Simply open a Terminal and type cat  /etc/dhcpcd.conf     

It would also be very nice to see the output of the ifconfig. Just type ifconfig in the terminal.

You can open a Terminal by using the search and typing Terminal, If you use the Widgets on the top left, you can go to Accessories -> Terminal.


----------



## volkinaxe (Dec 23, 2020)

St.Jimmy said:


> Simply open a Terminal and type cat  /etc/dhcpcd.conf
> 
> It would also be very nice to see the output of the ifconfig. Just type ifconfig in the terminal.
> 
> You can open a Terminal by using the search and typing Terminal, If you use the Widgets on the top left, you can go to Accessories -> Terminal.


it sed that there is no fille or etc  that what you sed to tipe in        cat  /etc/dhcpcd.conf


----------



## St.Jimmy (Dec 23, 2020)

volkinaxe said:


> it sed that there is no fille or etc  that what you sed to tipe in        cat  /etc/dhcpcd.conf



What image did you install?


----------



## volkinaxe (Dec 23, 2020)

St.Jimmy said:


> What image did you install?


pi os 32 bit


----------



## St.Jimmy (Dec 23, 2020)

What was the result of the ifconfig?


----------



## volkinaxe (Dec 23, 2020)

also the modim is a 
Huawei​


----------



## St.Jimmy (Dec 23, 2020)

And please give me the output of the following command:

systemctl status dhcpcd


----------



## volkinaxe (Dec 23, 2020)

St.Jimmy said:


> What was the result of the ifconfig?


i for got


----------



## St.Jimmy (Dec 23, 2020)

I suspect that your Raspi doesn't receive an IP Address or has a faulty DNS set as default. My suspicions go more towards the DNS now that the dhcpcd.conf is missing


----------



## volkinaxe (Dec 23, 2020)

St.Jimmy said:


> And please give me the output of the following command:
> 
> systemctl status dhcpcd





https://imgur.com/a/Hqdms1Q


----------



## St.Jimmy (Dec 23, 2020)

Interesting. Looks like your system is not based on systemd

Edit: Spelling errors have been removed


----------



## St.Jimmy (Dec 23, 2020)

Try sudo service dhcpcd status . This should return running


----------



## volkinaxe (Dec 23, 2020)

St.Jimmy said:


> Try sudo service dhcpcd status . This should return running


it`s getting to late for me best to get some sleep


----------



## St.Jimmy (Dec 23, 2020)

volkinaxe said:


> it`s getting to late for me best to get some sleep


Ok. Message me once you want to continue


----------



## zeroPony (Dec 23, 2020)

volkinaxe said:


> https://imgur.com/a/Hqdms1Q


First of all, you should use `*sudo* systemctl status dhcpd` because only super user can run or stop services.
Second, you typed 'sytemctl' and 'ssystemctl' instead of *systemctl*.
Third, in terminal you can use autocomplete by Tab-key.

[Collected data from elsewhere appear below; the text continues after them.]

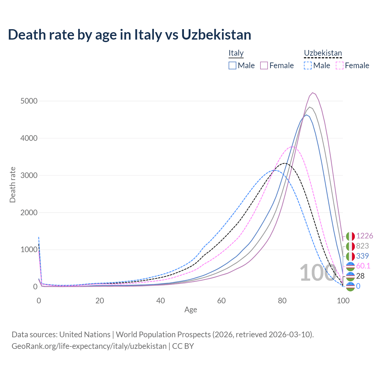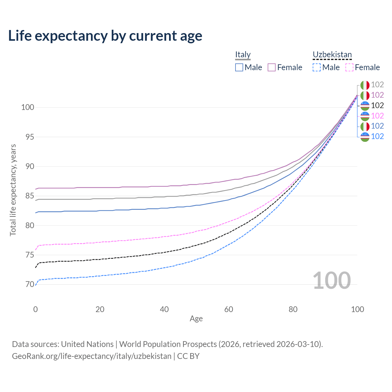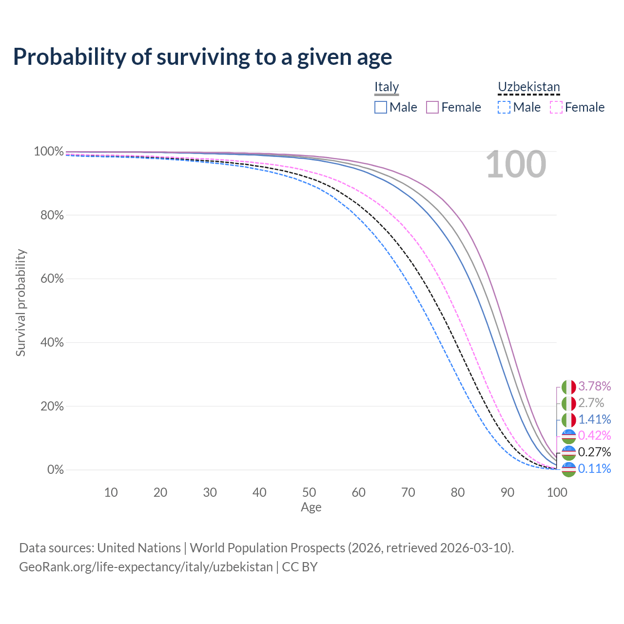 This life expectancy calculator shows the odds of living to 100, 95, 90, and below based on current age for both males and females in Italy and Uzbekistan, along with mean and median age of death. The calculations are based on the 2026 life tables (actuarial tables) from the UN World Population Prospects.
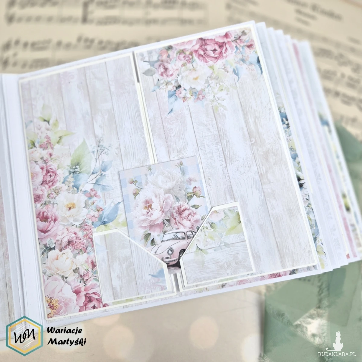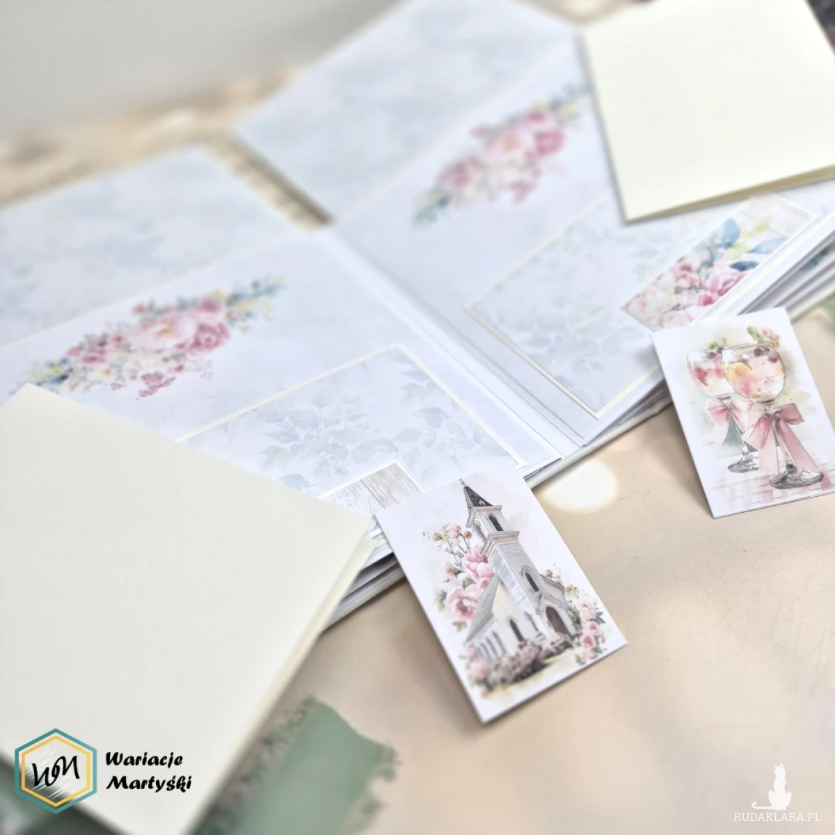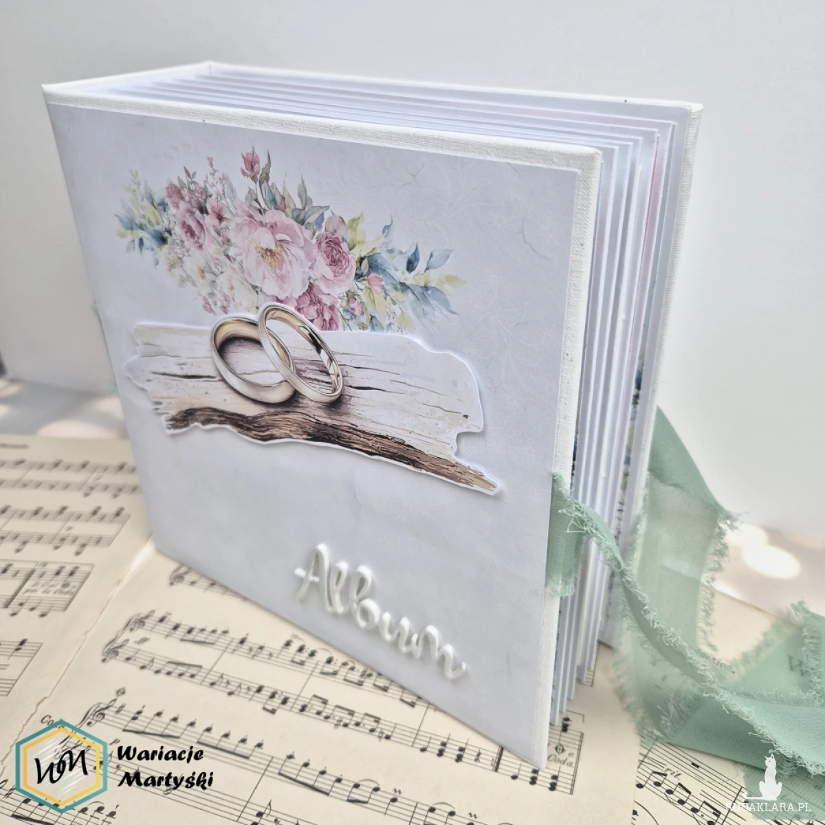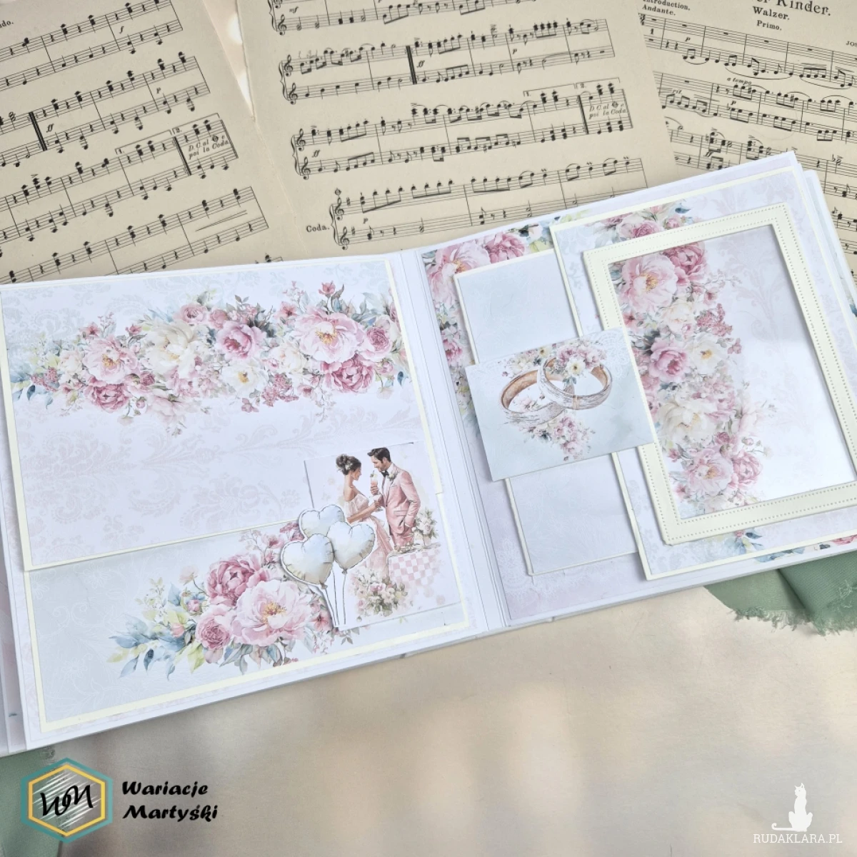Ten album to spójna i przemyślana całość – od pierwszej strony aż po dopasowane, ręcznie ozdobione pudełko. Delikatna paleta pastelowych barw, romantyczne wzory i subtelne dodatki tworzą wyjątkową oprawę na najważniejsze wspomnienia z dnia ślubu.
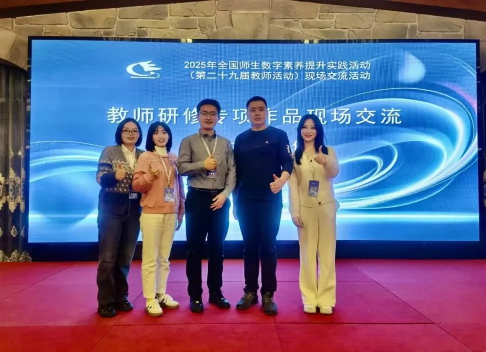 在教师研修专项领域,汪禹彤、江秀、刘丽华老师的《AI技术支持下的初中语文文言文教学能力提升》获评“创新案例”;彭邻心、张静怡、陈春燕老师的《2022版义教英语课标下项目式学习与数字化集体备课实践探究》与蔡丽平、郭雪云、刘璐老师的《初中历史跨学科融合设计能力提升的数字化路径探究》均获评“培育案例”。汪禹彤、江秀、刘丽华三位老师还受邀参加了2025年全国师生数字素养提升实践活动的现场交流。汪禹彤分享的“五定七环”校本研修模式,赢得专家与同行的高度赞誉。
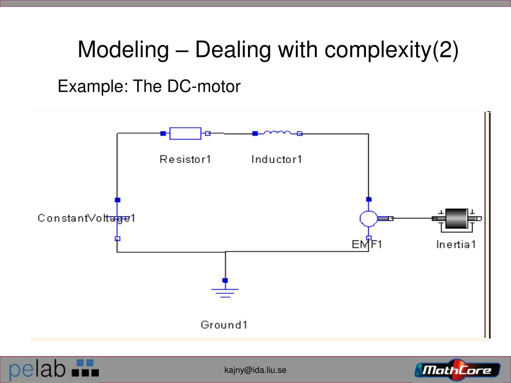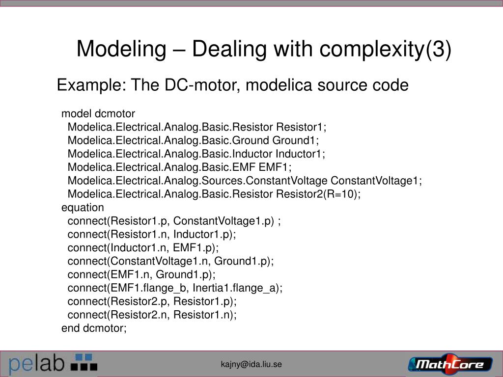 Modeling – Dealing with complexity(3) Example: The DC-motor, modelica source code model dcmotor Modelica.Electrical.Analog.Basic.Resistor Resistor1; Modelica.Electrical.Analog.Basic.Ground Ground1; Modelica.Electrical.Analog.Basic.Inductor Inductor1; Modelica.Electrical.Analog.Basic.EMF EMF1; Modelica.Electrical.Analog.Sources.ConstantVoltage ConstantVoltage1; Modelica.Electrical.Analog.Basic.Resistor Resistor2(R=10); equation connect(Resistor1.p, ConstantVoltage1.p) ; connect(Resistor1.n, Inductor1.p); connect(Inductor1.n, EMF1.p); connect(ConstantVoltage1.n, Ground1.p); connect(EMF1.n, Ground1.p); connect(EMF1.flange_b, Inertia1.flange_a); connect(Resistor2.p, Resistor1.p); connect(Resistor2.n, Resistor1.n); end dcmotor; kajny@ida.liu.se
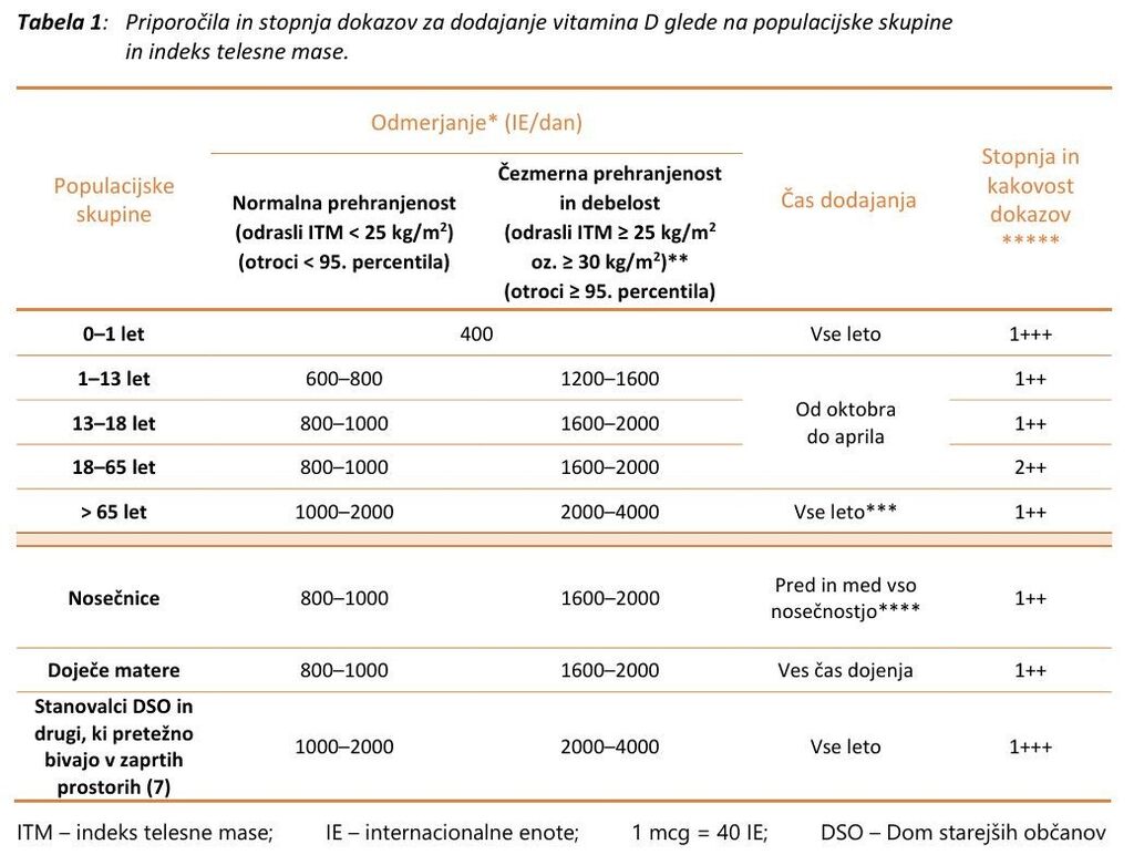 V novih slovenskih smernicah priporočamo dodajanje vitamina D v obliki zdravil ali prehranskih dopolnil izbranim ogroženim skupinam, ostalim zdravim prebivalcem Slovenije pa svetujemo jemanje vitamina D v razširjenem zimskem času.
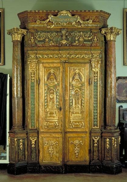 Synagogue ark elaborately carved, coloured and gilded in the Baroque style with Jewish emblems and a Hebrew text in Spanish lettering. Made for the Venetian Ponentine congregation - the Spanish Portuguese refugees from the Inquisition.
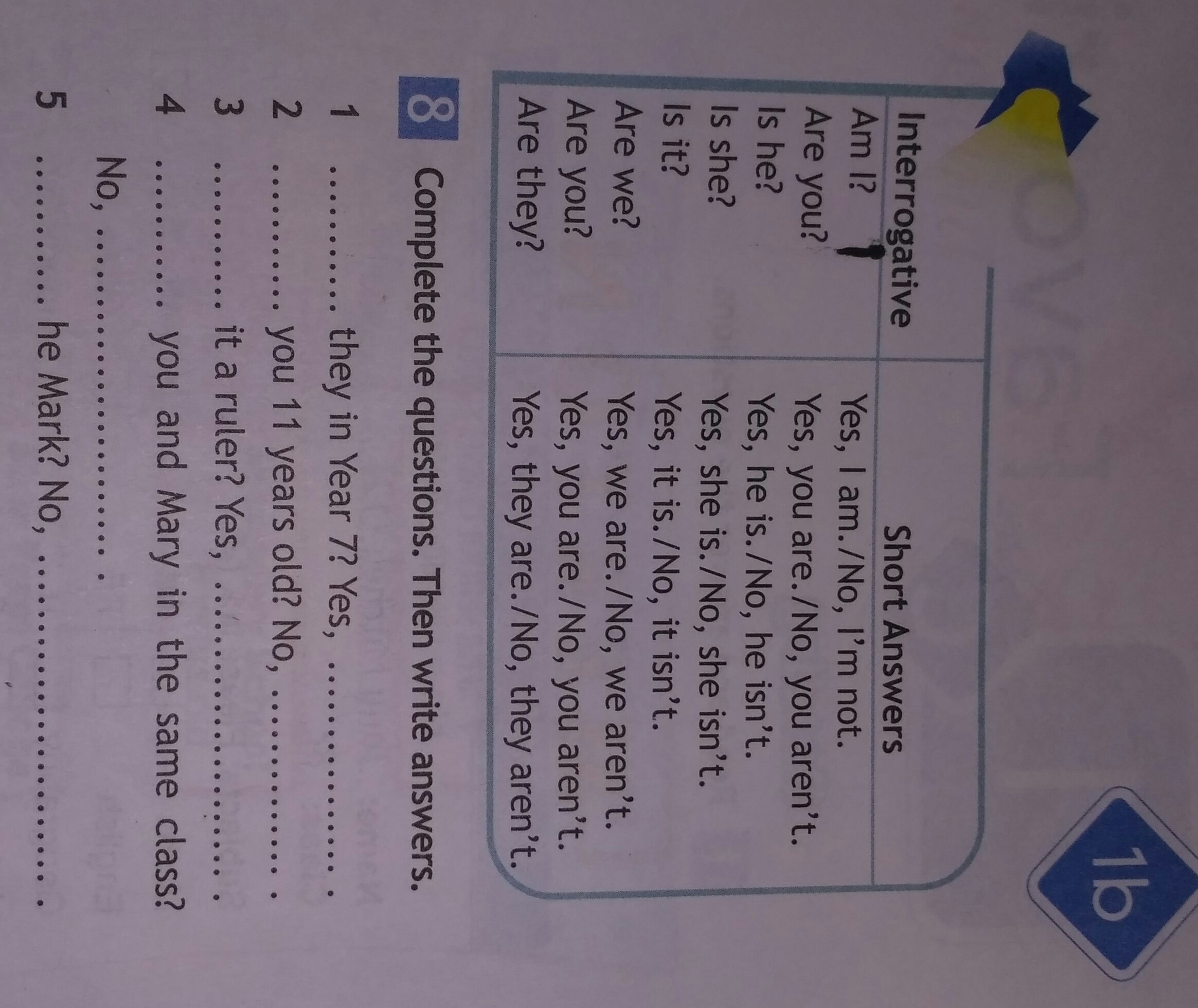 1)Are; they are. 2) Are; you aren't. 3) Is; it is. 4) Are; we aren't. 5) Is; he isn't
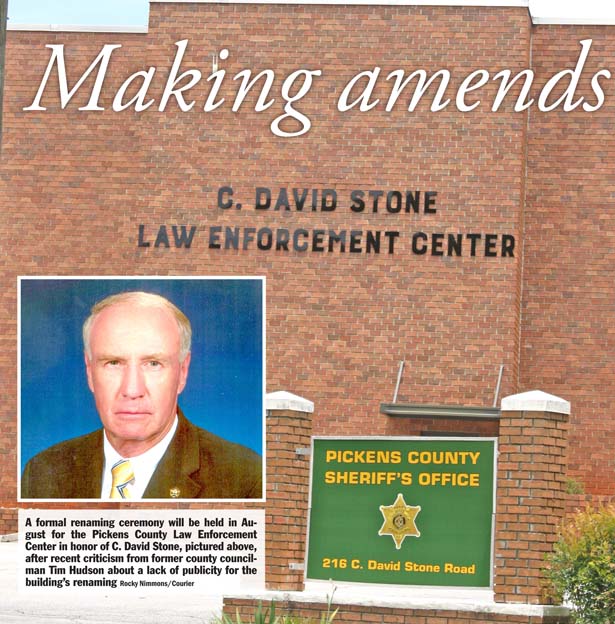 PICKENS — Pickens County administrator Ken Roper said a formal ceremony to celebrate the renaming of the county’s law enforcement center in memory of longtime sheriff David Stone will happen in August after recent criticism from a former elected official.
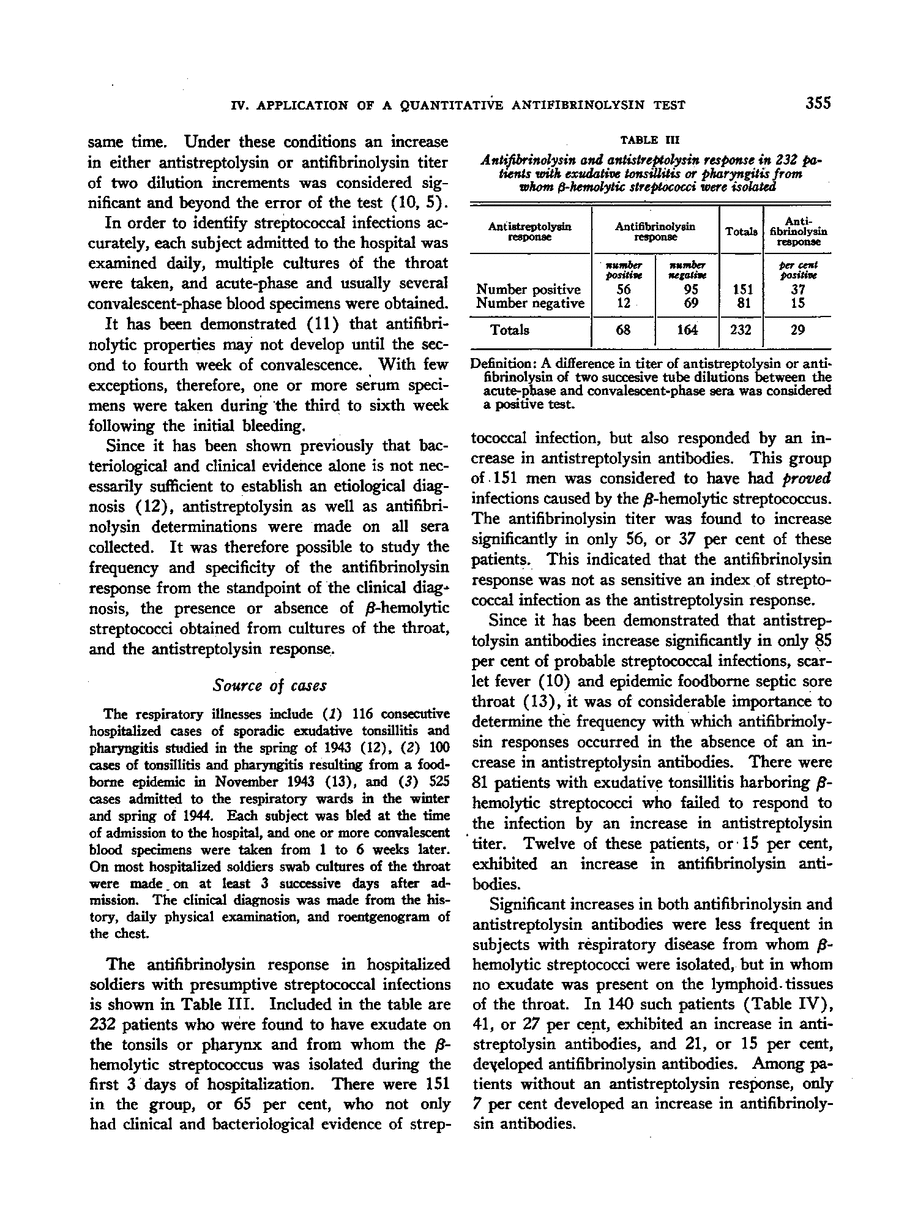 STUDIES OF STREPTOCOCCAL FIBRINOLYSIS. IV. CLINICAL APPLICATION OF A QUANTITATIVE ANTIFIBRINOLYSIN TEST
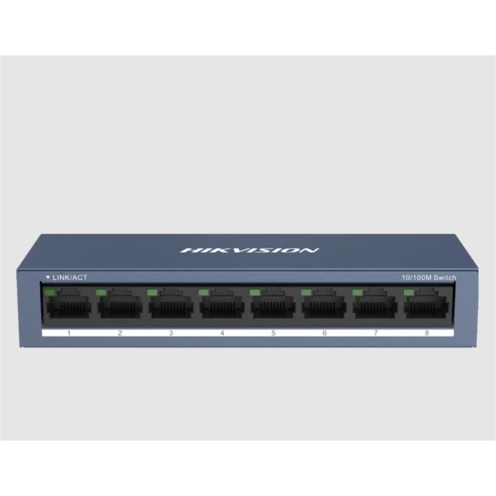Коммутатор Hikvision DS-3E0508-E(B) выполнен в компактном и прочном металлическом корпусе с безвентиляторным охлаждением. Благодаря своим размерам модель может легко размещаться прямо на рабочем столе, обеспечивая быстрый доступ к портам. Кроме того, модель оснащена светодиодными индикаторами на лицевой панели, с помощью которых вы сможете наглядно следить за состоянием работы устройства. В качестве источника питания коммутатор использует сеть 220 В. Для подключения к ней в комплекте предусмотрен адаптер питания.
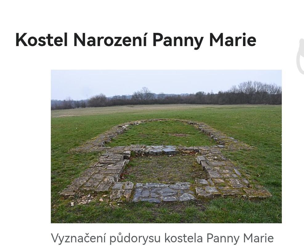 Ukázala nám půdorys Kostela Narození Panny Marie, který byl zasypaný sněhem. Pečlivě jsme si prohlédli kamenné pozůstatky z opuky. Kostel byl určen hlavně pro bohatší obyvatele hradiště, kterých zde žilo asi 80–100. Archeologové zjistili, že kostel je o 100 let starší než rotunda. Na místě se také našlo hodně dřeva, které mohlo patřit ke schodišti ke zvonici z doby Rudolfa II.
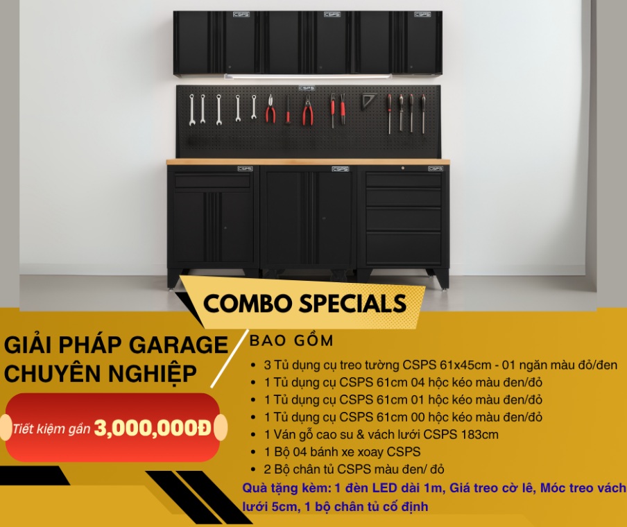 Combo CSPS – Giải Pháp Garage Chuyên Nghiệp mang đến không gian làm việc hiện đại, ngăn nắp và chuẩn công nghiệp Mỹ. Bộ sản phẩm được thiết kế đồng bộ gồm tủ đồ nghề, bàn thao tác, tủ treo tường và kệ lưu trữ, giúp tối ưu diện tích và nâng cao hiệu suất làm việc trong garage hoặc xưởng kỹ thuật.

And take a look to official documentation.


----------



## volkinaxe (Dec 23, 2020)

zeroPony said:


> First of all, you should use `*sudo* systemctl status dhcpd` because only super user can run or stop services.
> Second, you typed 'sytemctl' and 'ssystemctl' instead of *systemctl*.
> Third, in terminal you can use autocomplete by Tab-key.
> 
> And take a look to official documentation.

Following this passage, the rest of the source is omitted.